Es bleibt dabei, dass Ralph Giordano ein bedeutender und zweifelsohne mutiger Publizist war. Dies musste er weniger mit einer zweiten Besiegung Hitlers unter Beweis stellen als er sich nicht scheute, sich als einer der schärfsten Islamkritiker Deutschlands zu profilieren. Er schreckte nicht davor zurück, den Bundespräsidenten Christian Wulff und Joachim Gauck in ihren opportunistischen Bekenntnissen, dass der Islam angeblich zu Deutschland gehöre, mit dem Hinweis auf den grundgesetzwidrigen Inhalt sowohl der Scharia als auch des Korans, Paroli zu bieten. Bei dieser Gelegenheit wird jedoch klar, dass ein CDU-Bundestagsabgeordneter, der wie Ralph Giordano verschleierte Musliminnen als „Pinguine“ bezeichnen würde, sich entweder öffentlich zu entschuldigen oder dann zurückzutreten hätte. Auch für Thilo Sarrazin oder AfD-Chef Bernd Lucke wäre eine solche Wortwahl wohl jenseits von Gut und Böse. Etwas weniger umstritten, aber doch immer noch sehr umstritten bleibt Giordanos Engagement gegen den Moscheenbau in Köln, bei dem er den Charakter des Eroberungszeichens offensichtlich durchschaute.
Im Hinblick auf die Meinungsfreiheit gilt in Deutschland der Satz von George Orwell, dass alle „Tiere“ gleich, einige aber etwas gleicher seien als die anderen. Von dieser jüdischen Narrenfreiheit des Verstorbenen macht unter den Lebenden derzeit wohl nur noch Henrik R. Broder vergleichsweise ausgiebig Gebrauch. Dabei hat der beste jüdische Polemiker aller Zeiten, Karl Kraus, mit seinem Leben und Werk gezeigt, dass Polemik zwar unentbehrlich ist, aber zuletzt doch fruchtlos bleibt.
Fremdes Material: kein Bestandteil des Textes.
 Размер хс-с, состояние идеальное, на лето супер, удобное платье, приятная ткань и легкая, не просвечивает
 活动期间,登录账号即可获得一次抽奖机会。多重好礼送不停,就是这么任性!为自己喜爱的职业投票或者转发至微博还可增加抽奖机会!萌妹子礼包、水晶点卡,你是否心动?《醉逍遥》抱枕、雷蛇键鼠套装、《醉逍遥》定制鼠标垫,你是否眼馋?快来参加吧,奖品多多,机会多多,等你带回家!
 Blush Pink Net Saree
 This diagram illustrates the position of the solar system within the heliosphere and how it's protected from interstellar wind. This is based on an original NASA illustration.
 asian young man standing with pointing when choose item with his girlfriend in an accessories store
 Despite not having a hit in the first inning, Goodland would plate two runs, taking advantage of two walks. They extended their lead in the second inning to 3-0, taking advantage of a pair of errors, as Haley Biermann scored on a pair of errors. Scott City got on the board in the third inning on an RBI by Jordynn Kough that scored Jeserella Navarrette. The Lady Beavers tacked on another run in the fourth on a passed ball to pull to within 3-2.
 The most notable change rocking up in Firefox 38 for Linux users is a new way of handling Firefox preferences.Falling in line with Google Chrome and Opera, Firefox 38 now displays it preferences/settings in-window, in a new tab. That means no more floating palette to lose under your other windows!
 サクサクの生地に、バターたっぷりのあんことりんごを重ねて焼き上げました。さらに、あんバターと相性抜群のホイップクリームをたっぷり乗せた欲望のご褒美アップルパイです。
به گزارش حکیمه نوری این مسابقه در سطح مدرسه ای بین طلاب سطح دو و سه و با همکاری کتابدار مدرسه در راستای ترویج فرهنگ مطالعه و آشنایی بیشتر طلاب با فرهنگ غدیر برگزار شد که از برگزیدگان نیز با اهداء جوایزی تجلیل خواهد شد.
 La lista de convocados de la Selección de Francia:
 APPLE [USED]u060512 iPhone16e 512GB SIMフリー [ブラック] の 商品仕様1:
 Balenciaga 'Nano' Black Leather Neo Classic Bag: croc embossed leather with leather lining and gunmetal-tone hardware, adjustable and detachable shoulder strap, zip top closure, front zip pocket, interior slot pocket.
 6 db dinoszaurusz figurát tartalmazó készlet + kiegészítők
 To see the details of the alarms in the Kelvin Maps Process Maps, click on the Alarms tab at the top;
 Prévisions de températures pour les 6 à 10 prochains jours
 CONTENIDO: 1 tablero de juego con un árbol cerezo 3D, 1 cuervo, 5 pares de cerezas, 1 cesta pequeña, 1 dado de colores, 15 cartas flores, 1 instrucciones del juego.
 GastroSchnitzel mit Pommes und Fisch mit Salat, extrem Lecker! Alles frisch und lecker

Beim Andenken an Ralph Giordano wird man bei weitem nicht nur an Polemik denken. Wie der ebenfalls dieses Jahr verstorbene Siegfried Lenz hat sich Giordano unter anderem mit den Masuren befasst, was in das Buch „Ostpreussen ade!“ eingegangen ist. Über alles gesehen, ist auch von seiner Lebensgeschichte her Ralph Giordano ein möglicherweise glaubwürdigerer Autor als der mit ihm über viele Jahre verbunden gewesene, voriges Jahr verstorbene Walter Jens, dessen Mitgliedschaft bei der NSDAP und dessen Beschimpfung von Thomas Mann als „Asphaltliterat“ an der Patina des sogenannten Antifaschisten ziemlich geritzt haben.
Zu den bleibenden Verdiensten des brillanten Publizisten Giordano gehört es, dass er in seinem ganzen Leben wohl nie irgendeine Zeile geschrieben hat, um sich damit beliebt zu machen.